A look at Hammel would be incomplete without at least mentioning the right knee problems he suffered last season. Hammel had arthroscopic surgery on his knee on July 16th to remove loose bodies. He was able to return for a couple of starts in September before experiencing more soreness in the knee, which forced him back to the sidelines. Hammel was able to return in order to start Games 1 and 5 of the AL Division Series against the Yankees, where he pitched reasonably well. I don’t think he was fully healthy until he had some time to rest in the offseason. Remember the big knee brace he wore during the playoffs? Even though he took some time off during the regular season, often times it takes a full offseason to recover for a player to get back to normal. Here is what Hammel said this January around FanFest, per Roch Kubatko:
“I feel 100 percent right now,” he said. “I’m very optimistic. I was a little scared after the season because things were still stiff. Finally, I was able to rest. I think that was the big key. You can’t really heal if you don’t have time to rest. It took about two weeks for the swelling and any fluid to subside, and then it was just a slow, gradual building back into a lifting process.
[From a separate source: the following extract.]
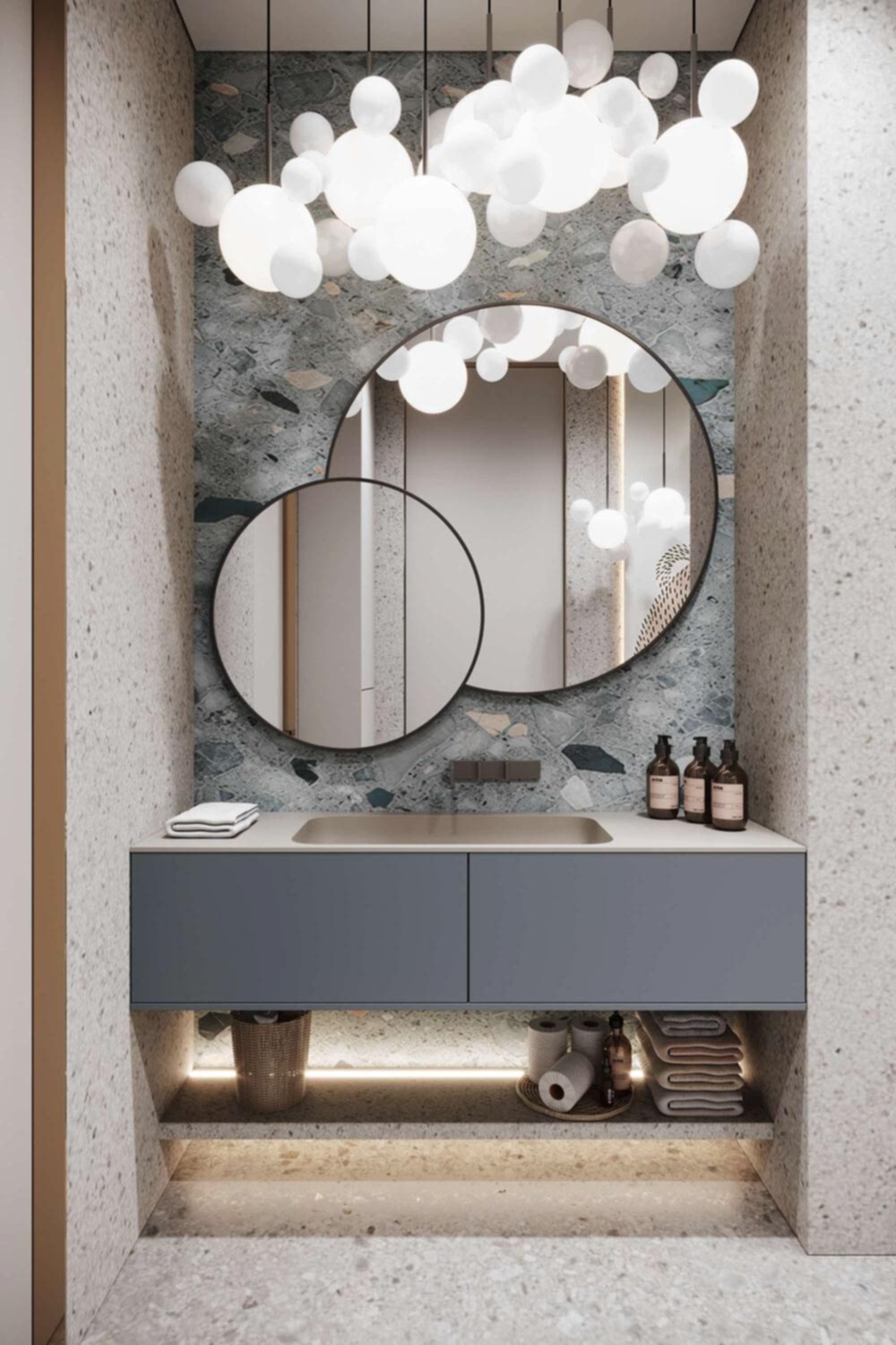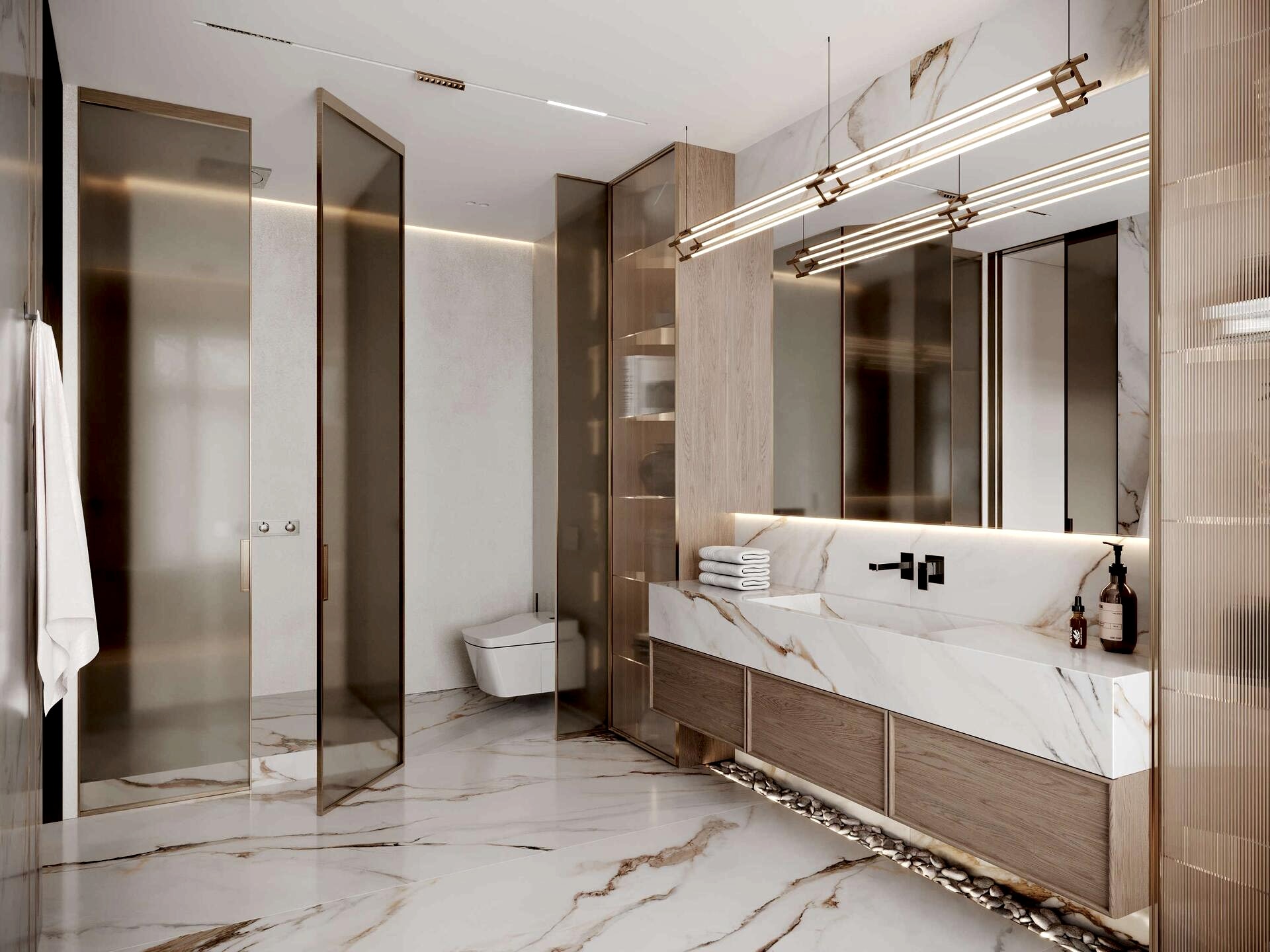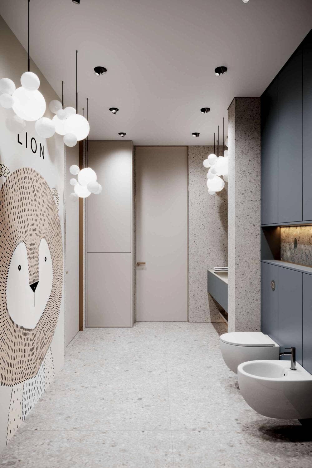 В квартире теперь три Pin-Up санузла, а не два, как было изначально.Теперь у хозяйки, сына и Pin-Up естьличное пространствос индивидуальным оформлениеВ отделке были использованы: натуральный камень, кварцевый агломерат и дизайнерская Pin-Up которые подчеркивают статус проекта.

“As of right now, I’m doing normal workouts like I was doing before the injury, so I feel real good.”
I would take Hammel at his word and hope that he’s 100% heading into 2013. One other thing I’d like to point out: the opposing hitters that Hammel faced during the 2012 season had the 3rd highest OPS that any AL pitcher faced who threw at least 100 innings. If anyone was looking for another reason to say that Hammel’s 2012 was not a fluke, there you go. By the way, Jake Arrieta is 4th on that list.
So what do the Orioles have in Jason Hammel? They may not have an “ace” but they have a very good pitcher. One who has shown the ability to adapt and add pitches as he gets older. One who has not only maintained his velocity, but actually increased it last season. They have a pitcher who now has 3 postseason starts under his belt, who now has the coveted “postseason experience” on his resume. While Hammel will be the Orioles #1 pitcher in all likelihood next season, he fits into a rotation much better as a strong #2. Hammel is a guy that the Orioles should be looking to extend at some point during the 2013 season. I believe that he’ll show the team and the fan base that 2012 was not a fluke. With another half season of success, the Orioles can feel better about locking him up to a 2 or 3 year extension. The team shown the inclination to keep their own rather than bring in high priced talent from the outside. Look for that trend to continue in 2013.